■ Records provided ■
- - - - -

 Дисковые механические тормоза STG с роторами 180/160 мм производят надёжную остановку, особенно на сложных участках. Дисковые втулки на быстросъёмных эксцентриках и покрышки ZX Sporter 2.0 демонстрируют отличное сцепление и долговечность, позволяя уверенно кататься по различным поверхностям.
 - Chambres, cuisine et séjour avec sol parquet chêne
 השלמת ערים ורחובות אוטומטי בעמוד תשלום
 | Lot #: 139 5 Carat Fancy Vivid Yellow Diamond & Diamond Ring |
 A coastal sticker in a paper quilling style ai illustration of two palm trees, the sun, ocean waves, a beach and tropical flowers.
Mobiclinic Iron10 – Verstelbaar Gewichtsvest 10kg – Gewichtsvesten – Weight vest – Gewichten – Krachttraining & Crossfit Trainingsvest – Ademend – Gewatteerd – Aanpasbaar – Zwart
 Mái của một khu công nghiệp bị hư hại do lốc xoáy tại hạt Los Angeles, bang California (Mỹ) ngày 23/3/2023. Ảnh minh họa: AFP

- - - - -

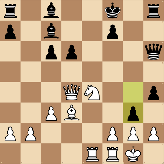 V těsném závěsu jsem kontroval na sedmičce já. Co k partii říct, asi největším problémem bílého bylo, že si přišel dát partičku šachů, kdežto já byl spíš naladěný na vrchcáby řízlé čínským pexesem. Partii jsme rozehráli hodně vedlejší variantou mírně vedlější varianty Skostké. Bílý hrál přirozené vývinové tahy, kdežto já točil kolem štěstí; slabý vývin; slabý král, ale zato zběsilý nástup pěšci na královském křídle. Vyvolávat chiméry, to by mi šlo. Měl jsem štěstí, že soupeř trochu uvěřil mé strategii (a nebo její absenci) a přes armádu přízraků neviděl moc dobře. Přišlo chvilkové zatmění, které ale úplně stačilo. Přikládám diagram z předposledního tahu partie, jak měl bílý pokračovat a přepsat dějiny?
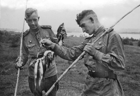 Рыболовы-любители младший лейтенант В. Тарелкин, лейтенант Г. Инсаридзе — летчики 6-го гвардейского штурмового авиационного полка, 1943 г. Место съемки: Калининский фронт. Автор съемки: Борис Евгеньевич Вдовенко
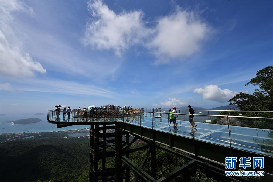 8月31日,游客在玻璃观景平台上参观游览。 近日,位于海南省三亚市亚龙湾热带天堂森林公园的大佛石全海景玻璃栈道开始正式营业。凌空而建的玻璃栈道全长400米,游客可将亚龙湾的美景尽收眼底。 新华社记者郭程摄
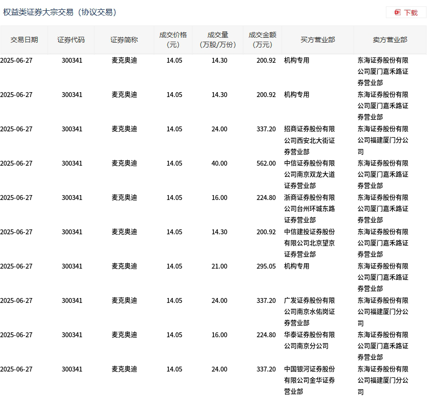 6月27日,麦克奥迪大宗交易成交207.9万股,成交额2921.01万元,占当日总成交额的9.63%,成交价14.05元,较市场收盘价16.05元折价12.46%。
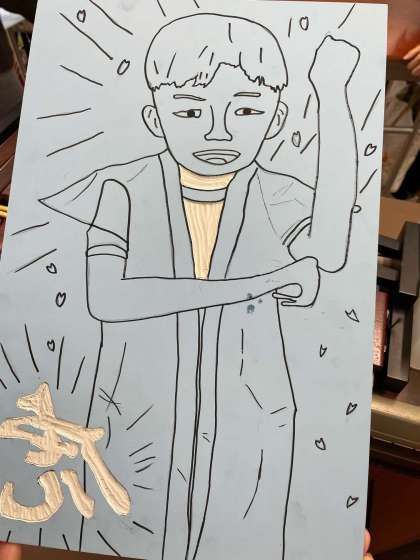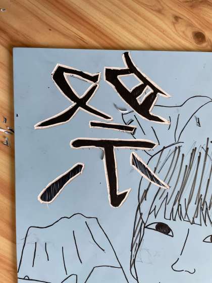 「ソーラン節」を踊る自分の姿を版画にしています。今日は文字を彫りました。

- - - - -

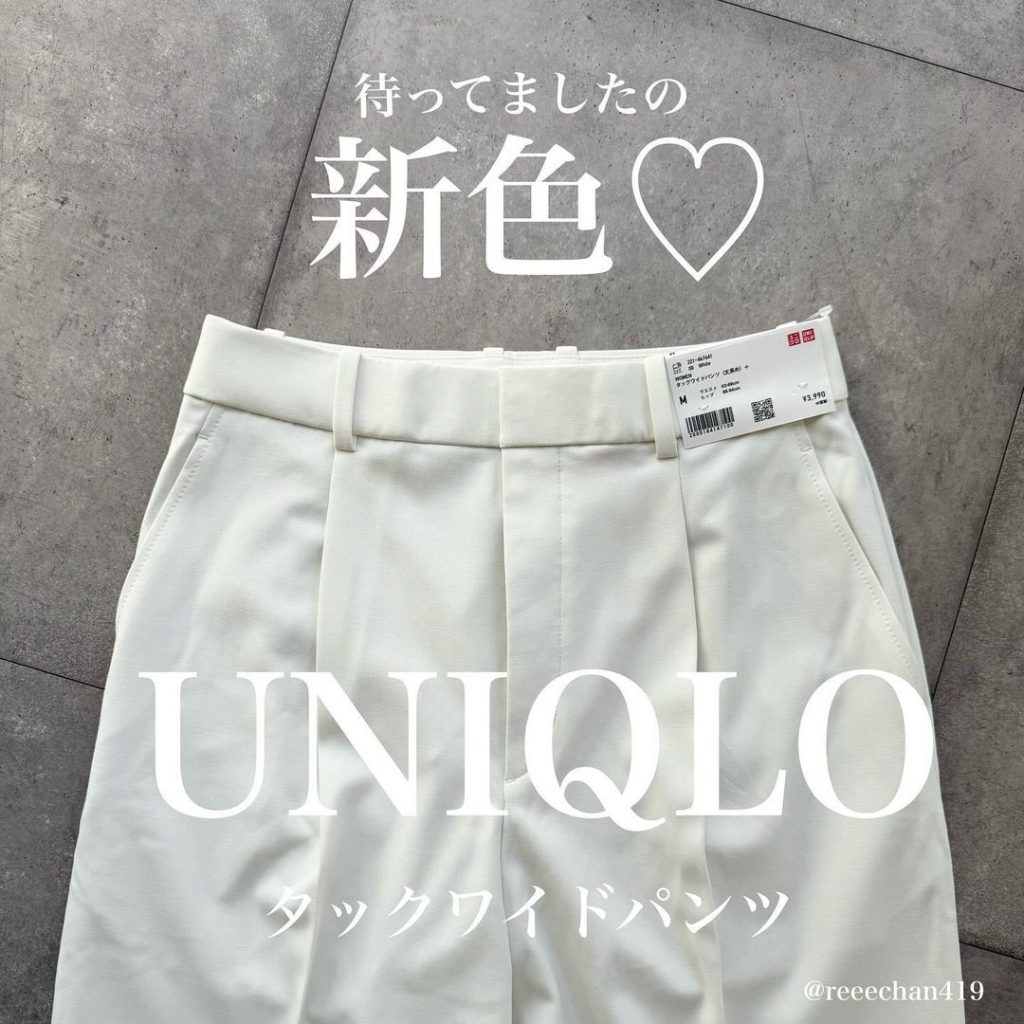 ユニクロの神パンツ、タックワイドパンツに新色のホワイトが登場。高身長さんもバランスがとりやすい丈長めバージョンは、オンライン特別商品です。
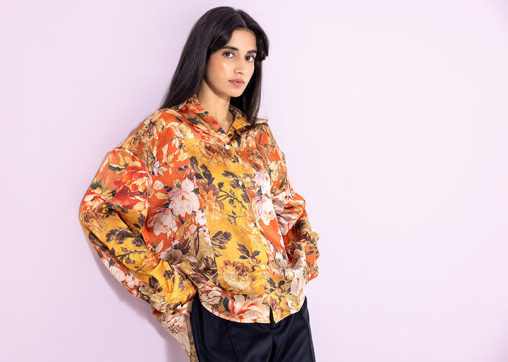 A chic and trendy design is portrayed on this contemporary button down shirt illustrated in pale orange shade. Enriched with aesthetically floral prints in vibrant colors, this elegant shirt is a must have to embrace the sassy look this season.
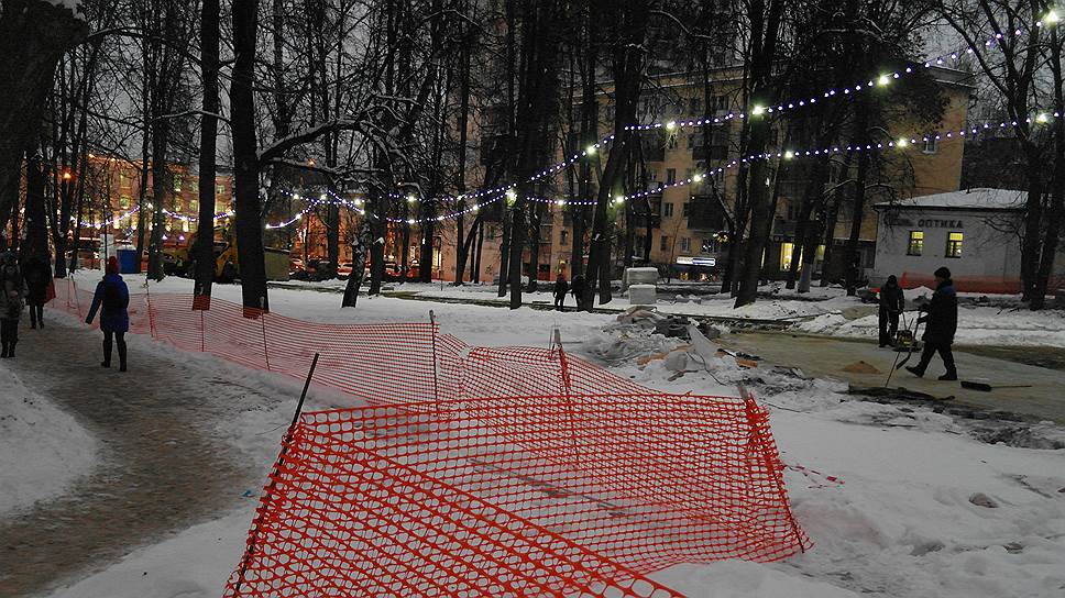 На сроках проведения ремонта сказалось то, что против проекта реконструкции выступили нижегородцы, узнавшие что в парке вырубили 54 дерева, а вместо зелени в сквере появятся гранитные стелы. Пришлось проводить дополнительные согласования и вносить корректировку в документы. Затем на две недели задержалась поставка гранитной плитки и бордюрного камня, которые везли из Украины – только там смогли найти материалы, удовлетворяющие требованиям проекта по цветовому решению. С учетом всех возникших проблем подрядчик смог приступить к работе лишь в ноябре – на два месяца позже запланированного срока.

- - - - -

■ What needs to be done ■
Take exactly the lines from the one containing "- Chambres, cuisine" through the one containing "Diamond Ring |" in the data above, and output them with nothing added.

■ Response to the exercise ■
 - Chambres, cuisine et séjour avec sol parquet chêne
 השלמת ערים ורחובות אוטומטי בעמוד תשלום
 | Lot #: 139 5 Carat Fancy Vivid Yellow Diamond & Diamond Ring |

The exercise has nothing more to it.